Global High-Net-Worth Individual (HNWI) wealth has increased over the last decade. The rate is expected to grow at an average annual rate of 7.7%. This will be accompanied by rising operational costs as a result of stringent regulation and maintenance of technology infrastructure. As a consequence of this growth, there has been an emergence of new avenues and trends in wealth technology. Most firms aim at increasing their top lines. Almost every wealth and asset management firm is struggling to achieve excellence in areas of client experience as well as regular management of transformational change.

What Is the Future of Wealth Technology?

The use of predictive analytics has been applied to get additional insights into client behaviour and improve firms delivery to their added products and services. It involves extracting information from existing data to determine and show future trends. Models are, therefore, generated to predict future events and behaviours in wealth technology. According to the recent research by Aberdeen Group’s Predictive Analytics in Financial Services, the analysis found that asset management firms with predictive analytics achieved an average 11% increase in the number of customers in the past twelve months. Advisers can apply the use of predictive technology to anticipate the client’s needs and then offer additional products and services.

The Adoption of Cloud Computing Platforms in Wealth Technology

Cloud computing has also become a significant trend in wealth technology. There have been increased compliance requirements which include the Dodd-Frank Act, sectors in Financial Instruments Directive (MiFID), and the Sarbanes-Oxley Act (SOX), asset management. The conditions make companies gear towards cloud computing to lower the upfront capital expenditure and enhance sustainable growth.

Cloud-based derivatives post trade processing services helps wealth managers to effectively and efficiently maintain compliance. This aligns with the changing global regulatory environment. Cloud-based derivatives also lead to market end-to-end post-trade services. It offers services in asset classes for investment banks and asset management companies. Cloud computing platforms also result in an increase in productivity of client advisers. Wealth management firms integrate mobile as a key for their customers for valuable service provision and engagement on a personal level. According to research by CEB Tower Group, financial firms will increase their cloud computing budget. The growth in cloud computing budgets will enable them to sustain the changing trends in wealth management. Cloud services help capital markets and financial sectors to save almost 30 percent of their information technology budget.

The Dawn of the Quantum Computing Age

Quantum computing represents the future of investment managers and the wealth management sectors to overcome financial research challenges. It involves the use of composite algorithms and systems that use physics and quantum phenomena as the solution to the most complex mathematical problems.

Most business models are too simple. Besides, the assumptions made from them being unrealistic, there is the need to analyse such complex systems using sophisticated mathematics. The need for multiple testing also portrays quantum computing as a more useful method. According to research conducted by Guggenheim’s Lopez de Prado and Peter Carr, the findings illustrated the potential of quantum computing that will enable asset directors and wealth management companies to solve such complex issues. The problems include putting money into a set of property over a time horizon that is divided into multiple steps. The manager or wealth management firm must, therefore, decide how much to invest in each asset at each level while taking into consideration the account transaction as well as the market-impact costs.

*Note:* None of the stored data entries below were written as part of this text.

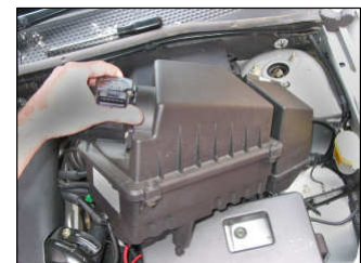
Fig. # 4
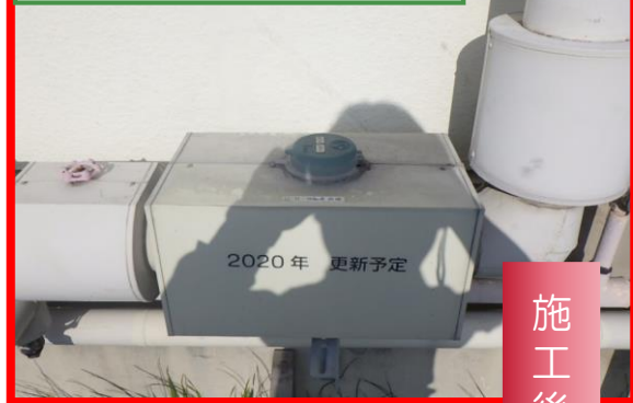
B-8号棟水道子メーター②
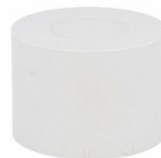
Kolumna sygnalizacyjna Ø70mm/2,75" LTN70
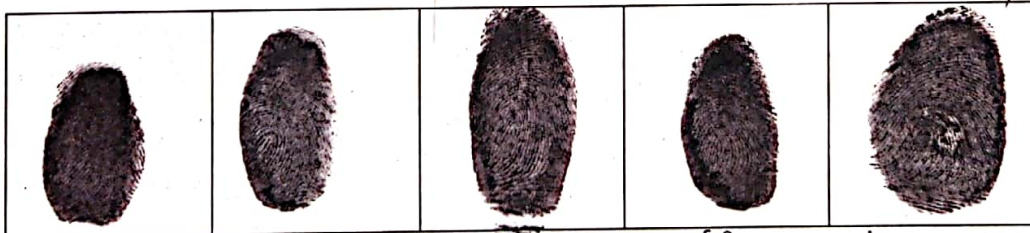
कनिष्ठा अनिमिका मध्यमा तर्जनी अंगूठा

प्रमाणित किया जाता है कि पहचानकर्ता के बांके हाथ का पांचों अंगुलिओं का दाप मेरे समक्ष लिखा गया।
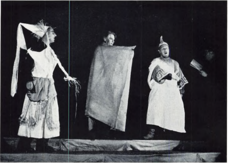
En Skærsommernatsdrøm (fra elevmødet).
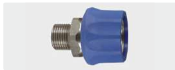
Муфта : AG. Нерж. сталь. 60° упл. конус. Макс. 250 bar / 150 °C
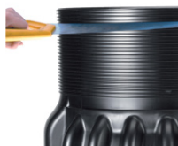
Höjd justeras genom kapning
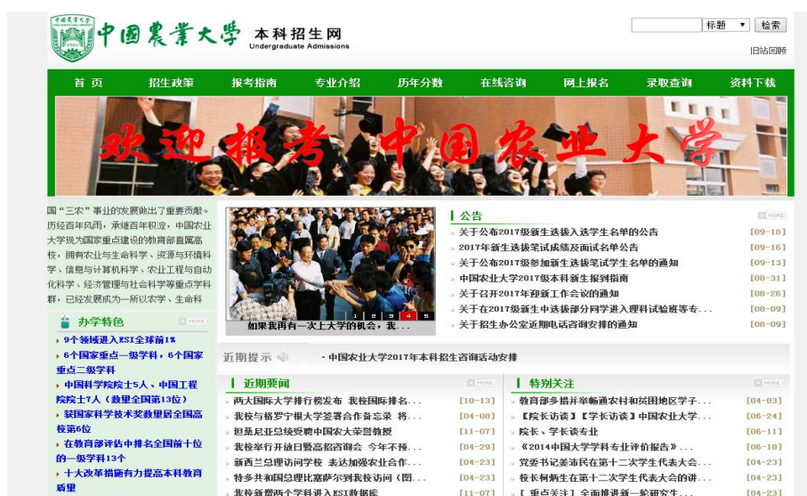
中国农业大学本科招生网页

在学校主页开设本科生招生信息网、研究生招生信息网。按照教育“阳光工程”的要求,学校真正做到招生政策公开、招生资格公开、招生章程公开、招生计划公开、录取程序公开,并及时公开高校自主招生办法、考核程序和录取结果。
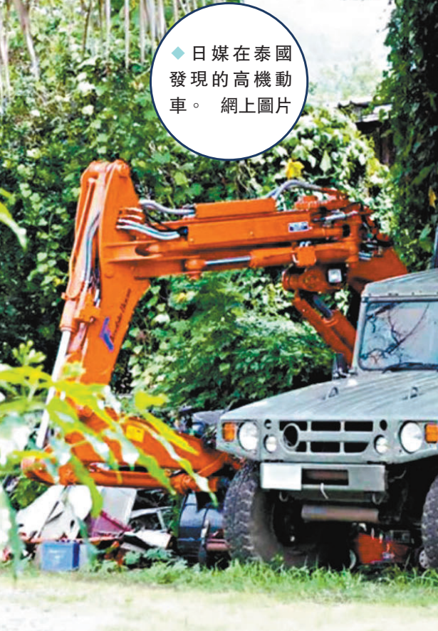
◆日媒在泰國發現的高機動車。
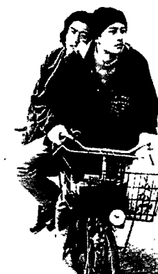
图6 北野武《坏孩子的天空（原题：Kids Return）》剧照
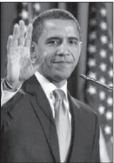
اوباما ذكر نتنياهو من هورب البيت الابيض

مايكل مان والعلوم التي ادلى بها للصحافة الامريكية. ولكن الحكومة الاسرائيلية التي تنتشد السلام هي وحدها القادرة على اقناع الجمهور بان امر الجيش الاسرائيلي لتترك بخلو محادثات رئيسها ميثا الاركان جابي اشكنازي في واشنطن وفي شتراسبورغ. في فترة تجدل القيادات السياسية مع استقرار القيادة العسكرية العليا، تولي اجهزة الامن الامريكية مصادقة عالية لاشكنازي والذي يعتبر شخصاً مهتماً في نهجه. تقديراته بصدد شدة التهديد الايراني والقدرة على معالجته وجدت اصداءها في تعليمات رئيس الطواقم الامريكية
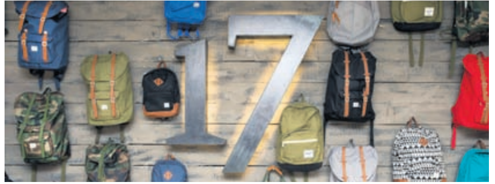
Herschel-töskurnar hafa slegið í gegn, sérstaklega hjá skólafólki.
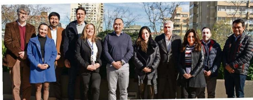
Integrantes de la mesa de coordinación editorial de “Valparaíso Región Sostenible”.
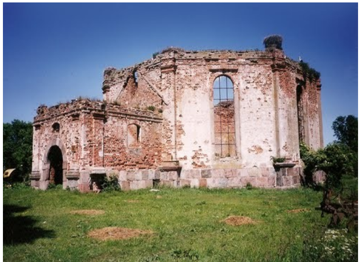
Ungewöhnlicher achteckiger Kirchenbau, rechts die Ruine der Kirche in Alt-Lappienen 2001. (google-earth 55° 05' 40.37" N 21° 25' 08.54" O)

Als Ort oder Dorf sollen diese Plätze heute aber nicht mehr erkennbar sein, die Zerstörungen des letzten Krieges waren wohl nicht sonderlich groß, aber die nachlässige Unterhaltung zu Sowjetzeiten und der Abbruch der alten Häuser zur Ziegelgewinnung für neue, beschleunigten den Verfall besonders in den letzten Jahren.
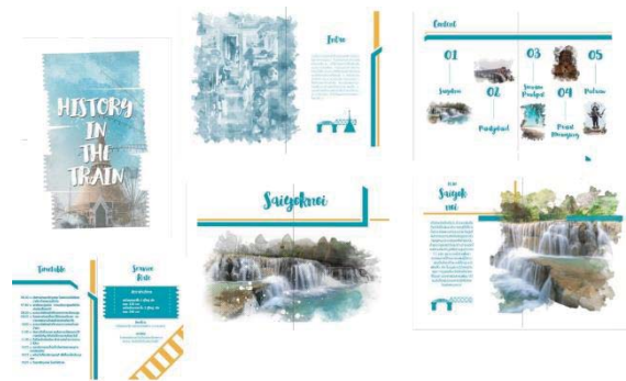
ภาพที่ 5 แบบร่างภาพรวมหนังสือคู่มือท่องเที่ยว แบบที่ 3
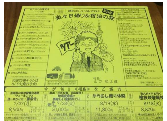
▲「孫の手ツアー」チラシ
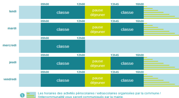
Horaires de l'année scolaire 2017 - 2018 École maternelle publique Etienne Labrunie - Vic-sur-Cère (15800)

More Focus on Social Impact

Focus on social impact is also becoming an emerging trend in wealth technology according a survey conducted by Capgemini and RBC Wealth Management. 92% of increased net worth personnel think that driving global impact is crucial in wealth management. Global impact is, therefore, a significant and important component in asset management. The growing popularity of multi-channel service delivery and the increasing digital innovation serve as drivers for this trend. It also encompasses the emergence of disruptive business standards.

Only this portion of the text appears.